= David Chanoff =

American author

David Chanoff (born November 15, 1943, in Philadelphia) is an American author of non-fiction work. His work has typically involved collaborations with the principal protagonist of the work concerned. His collaborators have included Augustus A. White, Joycelyn Elders, Đoàn Văn Toại, William J. Crowe, Ariel Sharon, Kenneth Good and Felix Zandman, among others. He has also written about a wide range of subjects including literary history, education and foreign for The Washington Post, The New Republic and The New York Times Magazine.

Chanoff founded Sudbury Valley School in Framingham, Massachusetts in 1968. In the late 1970s and early 1980s, he taught English at Tufts University and Harvard University.

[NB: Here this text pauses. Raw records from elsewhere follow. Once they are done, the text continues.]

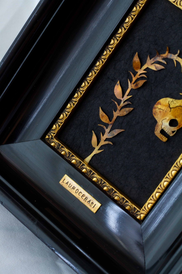 Pièce unique dessinée et découpée à la main.
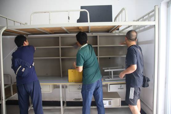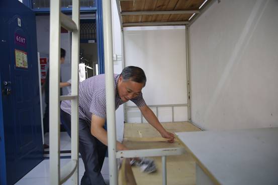 9月5日下午,院领导再次带领全体党员教师来到校区学生宿舍。老师们拿出提前准备的抹布,走进各自负责的宿舍擦拭床铺、桌椅上的灰尘,将新生宿舍打扫一新。
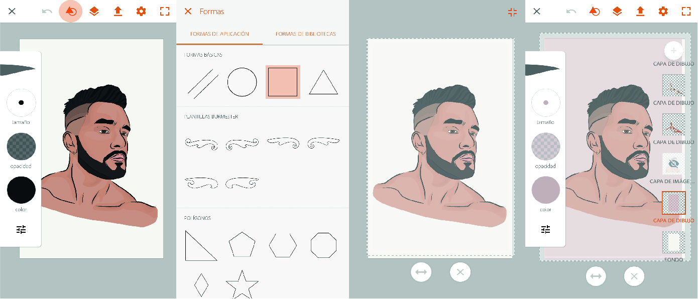 En una capa debajo de todas, nos dirigimos a la sección de formas, hacemos click sobre el cuadrado y con las flechas podemos regular sus dimensiones. Seleccionamos un color (el cual recomiendo sea claro y bajarle un poco la opacidad para que no distorsione la tonalidad de la piel) y dejamos presionado dentro del cuadrado y esto hará que se rellene totalmente.

In 2015, Chanoff's Breaking Ground: My Life in Medicine, co-written with Louis W. Sullivan, won the NAACP Image Award for Outstanding Literary Work – Biography/Autobiography.

== Personal life ==
Chanoff was born November 15, 1943, in Philadelphia to William and Golda Chanoff. He received a Bachelor of Arts from Johns Hopkins University in 1965, after which he attended Brandeis University, where he earned a Master of Arts in 1967 and a Doctor of Philosophy in 1973.

On February 18, 1968, Chanoff married Liisa Laikari. He has three children.

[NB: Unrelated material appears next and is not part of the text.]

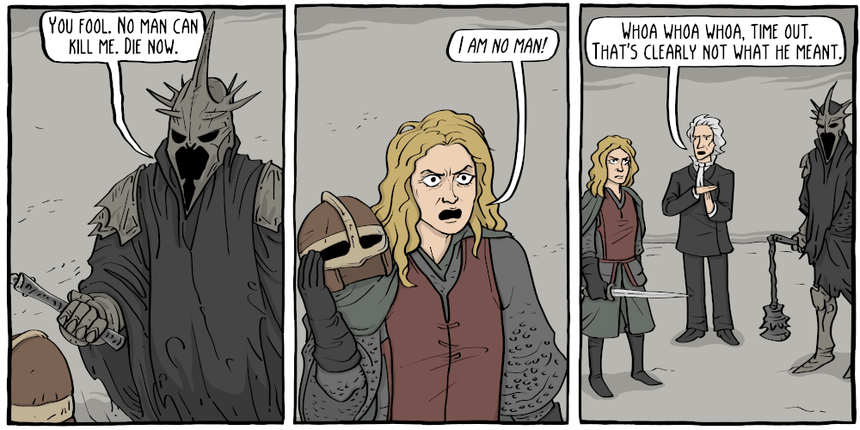 And to really dig into absurdity, Existential Comics offers a mashup of Lord of the Rings and John Locke’s theory of language, with Roland Barthes joining the fray.

Chanoff is ethically Jewish.

== Publications ==
- Toại, Đoàn Văn and David Chanoff. (1979). The Vietnamese Gulag, Simon & Schuster.
- Tảng, Trương Như, with David Chanoff and Đoàn Văn Toại. (1985). A Vietcong Memoir: An Inside Account of the Vietnam War and Its Aftermath, Vintage Books.
- Chanoff, David and Đoàn Văn Toại. (1986). Portrait of the Enemy, Random House.
- Chanoff, David and Đoàn Văn Toại. (1986). Vietnam: A Portrait of Its People at War, I.B. Tauris Publishers.
- Bui, Diem with David Chanoff. (1987). In the Jaws of History, Houghton Mifflin.
- Sharon, Ariel, with David Chanoff. (1989). Warrior: the autobiography of Ariel Sharon; New York : Simon and Schuster.
- Deforest, Orin and David Chanoff. (1990). Slow Burn: The Rise and Bitter Fall of American Intelligence in Vietnam, Houghton Mifflin.
- Good, Kenneth and David Chanoff. (1992). Into the heart: one man's pursuit of love and knowledge among the Yanomami, Ulverscroft.
- Crowe, William J. and David Chanoff. (1993). The line of fire: from Washington to the Gulf, the politics and battles of the new military, Simon & Schuster.
- Zandman, Felix and David Chanoff. (1995). Never the last journey: a Fortune 500 founder's life story from Holocaust survivor to victor on Wall Street, Shocken.
- Elders, M Joycelyn and David Chanoff. (1996). Joycelyn Elders, M.D.: from sharecropper's daughter to surgeon general of the United States of America, Morrow.
- Nuwere, Ejovi and David Chanoff. (2002). Hacker Cracker: A Journey from the Mean Streets of Brooklyn to the Frontiers of Cyberspace, Morrow.
- Damone, Vic and David Chanoff. (2009). Singing Was the Easy Part, St. Martin's.
- White, Augustus A. and David Chanoff. (2011). Seeing Patients: Unconscious Bias in Health Care, Harvard University Press.
- Sullivan, Louis W., with David Chanoff. (2014). Breaking Ground: My Life in Medicine, University of Georgia Press.
- Chanoff, Sasha with David Chanoff. (2016). From Crisis to Calling: Finding Your Moral Center in the Toughest Decisions, Barrett-Koehler Publishers.
- Chanoff, David and Louis W. Sullivan. (2022). We'll Fight It Out Here: A History of the Ongoing Struggle for Health Equity, Johns Hopkins University Press.
- Chanoff, David. (2025). Anthony Benezet: Quaker, Abolitionist, Anti-Racist, University of Georgia Press.